▶ [Brief] Only the lines from the start of the entries through the line with "Close-up portrait of" should be returned, each exactly as it stands, and no pictures.

☆ ☆ ☆ ☆

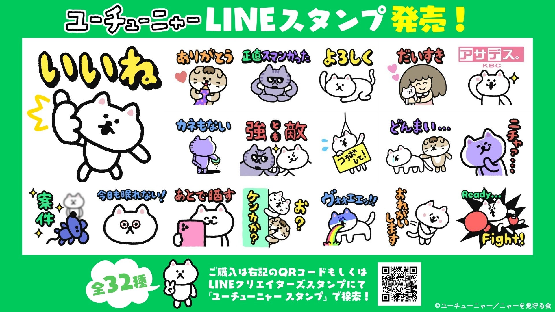 現在、九州朝日放送「アサデス。KBC」内ほかにて放送・Youtubeほかにて配信中のオリジナルTVアニメ『ユーチューニャー』がかわいいLINEスタンプに!!
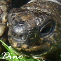 Dino, ebenfalls eine russische Landschildkröte, zog im Jahr 2008 auf die Schildkrötenburg. Auf Grund falscher Haltung ist sein Panzer völlig deformiert, sein Schnabel war so weich und verzogen dass er nicht selbständig Nahrung aufnehmen konnte. Er war zu schwach zum Laufen und saß mehr tot als lebendig im Gehege und wenn er sich bewegte, schleppte er sich mühsam herum. Auf Grund der Fehlstellung seiner Vorderbeinchen scheuerte er sich seinen Hals wund. Eigentlich sind wir nicht davon ausgegangen, dass er es schaffen würde und wurden eines Besseren belehrt. Sechs Jahre haben wir seine Wiesenkräuter in sehr kleine Stückchen geschnitten und waren Dauergast beim Tierarzt. Seit 2014 lebt er mit vier Damen im Gehege. Sein Panzer ist feste, er hat an Gewicht zugelegt, bewegt sich flott und frisst zwischenzeitlich ohne Probleme alles was im Gehege wächst.
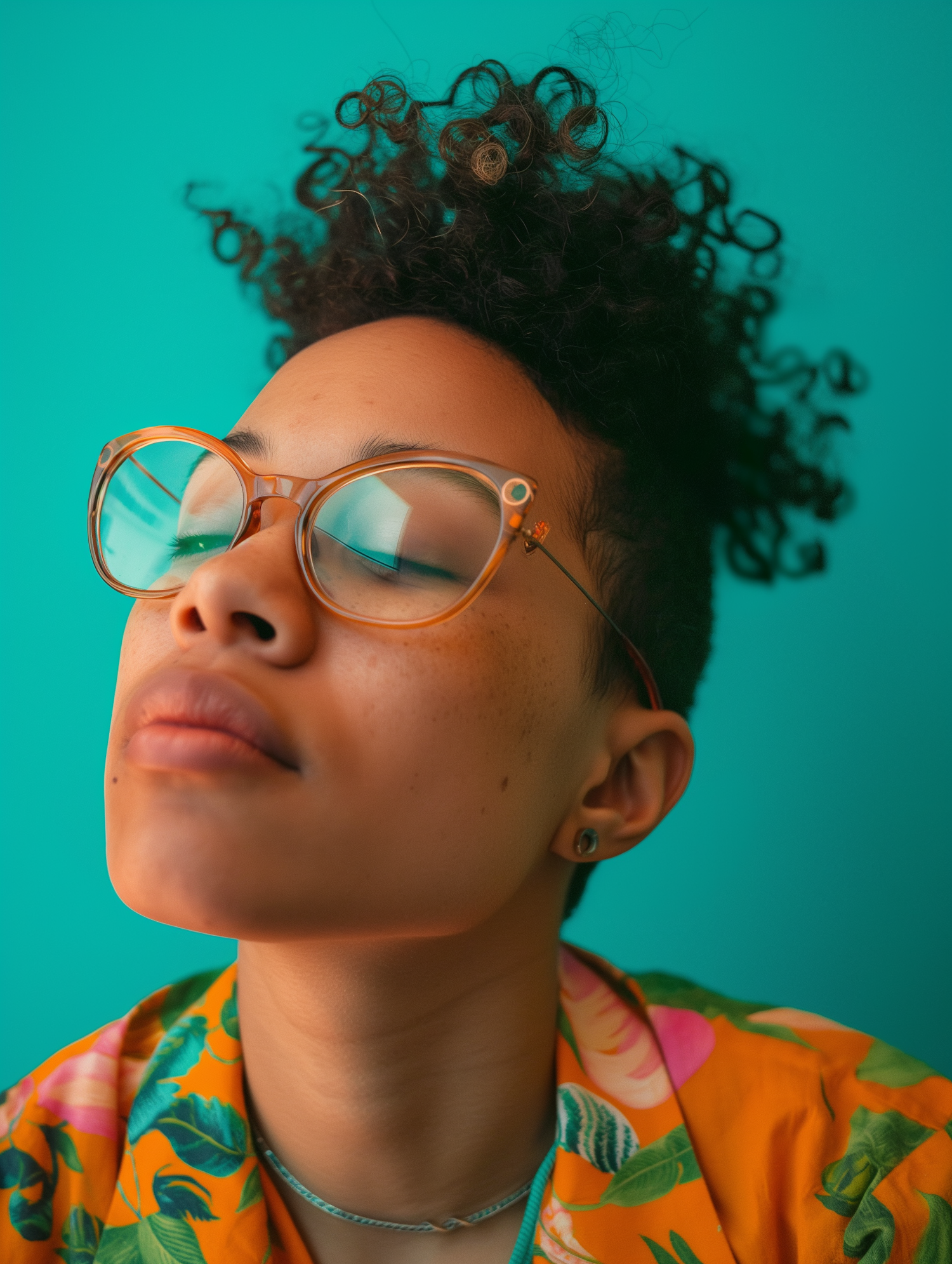 Close-up portrait of a person with curly hair, wearing glasses and a floral shirt, set against a vibrant teal background.
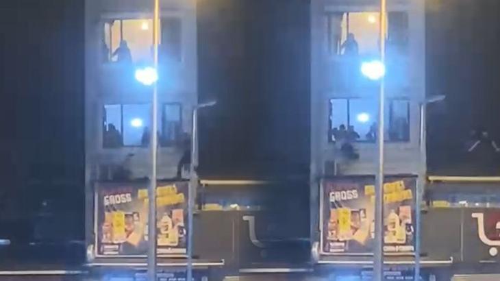 Çatıya düşen kişi ayağa kalkarak, o sırada çatıda bulunan başka bir kişiyle birlikte uzaklaştı. Kavga bina dışında da devam ederken, sokakta bulunan ve elinde bıçak bulunan başka bir şüpheli binadan çıkan kişiyi uzun süre kovaladı. O anlar cep telefonu kamerasına yansıdı.
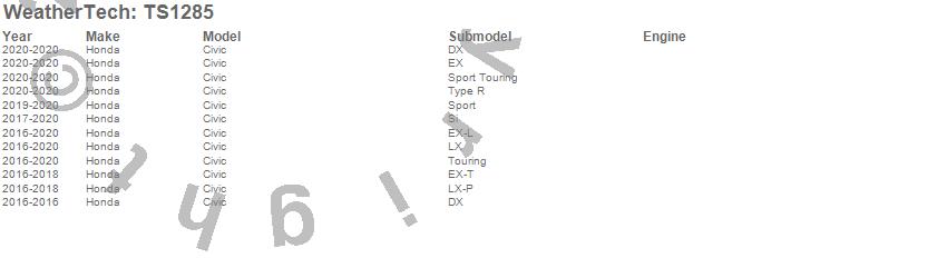 Below is an abbreviated list of applications for the WeatherTech SunShade.Civic, Honda, 2020, 2019, 2018, 2017, 2016
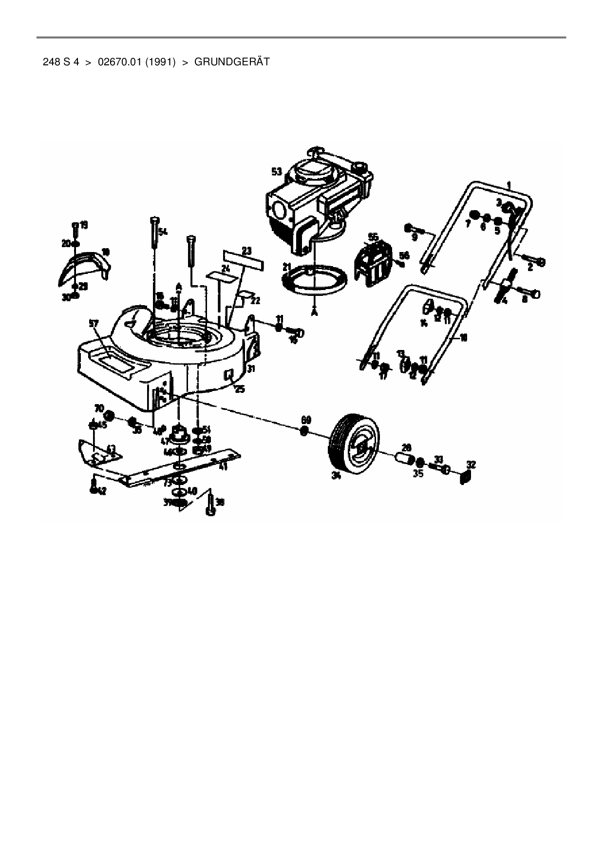 Ersatzteile für Motormäher Golf 248 S 4 aus der Zeichnung Grundgerät:
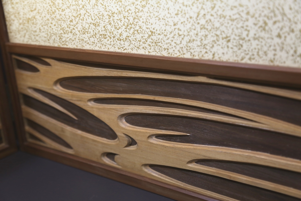 ★★★ アンティーク 在銘 木枠一位材 流水 二枚折り 風炉先 ★★★ 134
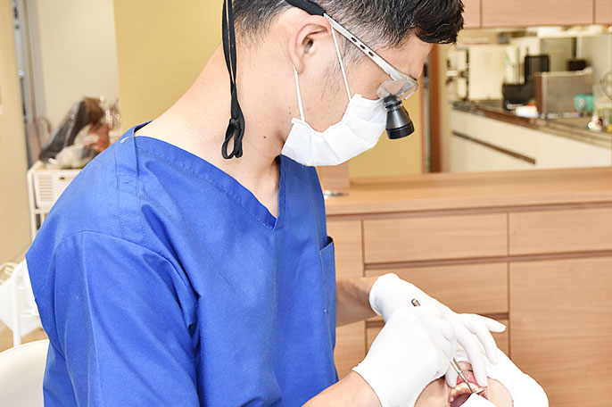 歯の土台が健康であれば、ご自身の歯を長く残すことができます。当院ではなるべく抜歯をせず、歯内治療(歯の根の治療)を行うことで、患者様ご自身の歯を可能な限り残せるよう努めています。治療の際は、まず歯の内部の細菌感染部分をきれいに除去する必要がありますが、根管は細く複雑な形状の場合があるため、高度な技術を要します。

☆ ☆ ☆ ☆

▶ [Solution for this problem]
 現在、九州朝日放送「アサデス。KBC」内ほかにて放送・Youtubeほかにて配信中のオリジナルTVアニメ『ユーチューニャー』がかわいいLINEスタンプに!!
 Dino, ebenfalls eine russische Landschildkröte, zog im Jahr 2008 auf die Schildkrötenburg. Auf Grund falscher Haltung ist sein Panzer völlig deformiert, sein Schnabel war so weich und verzogen dass er nicht selbständig Nahrung aufnehmen konnte. Er war zu schwach zum Laufen und saß mehr tot als lebendig im Gehege und wenn er sich bewegte, schleppte er sich mühsam herum. Auf Grund der Fehlstellung seiner Vorderbeinchen scheuerte er sich seinen Hals wund. Eigentlich sind wir nicht davon ausgegangen, dass er es schaffen würde und wurden eines Besseren belehrt. Sechs Jahre haben wir seine Wiesenkräuter in sehr kleine Stückchen geschnitten und waren Dauergast beim Tierarzt. Seit 2014 lebt er mit vier Damen im Gehege. Sein Panzer ist feste, er hat an Gewicht zugelegt, bewegt sich flott und frisst zwischenzeitlich ohne Probleme alles was im Gehege wächst.
 Close-up portrait of a person with curly hair, wearing glasses and a floral shirt, set against a vibrant teal background.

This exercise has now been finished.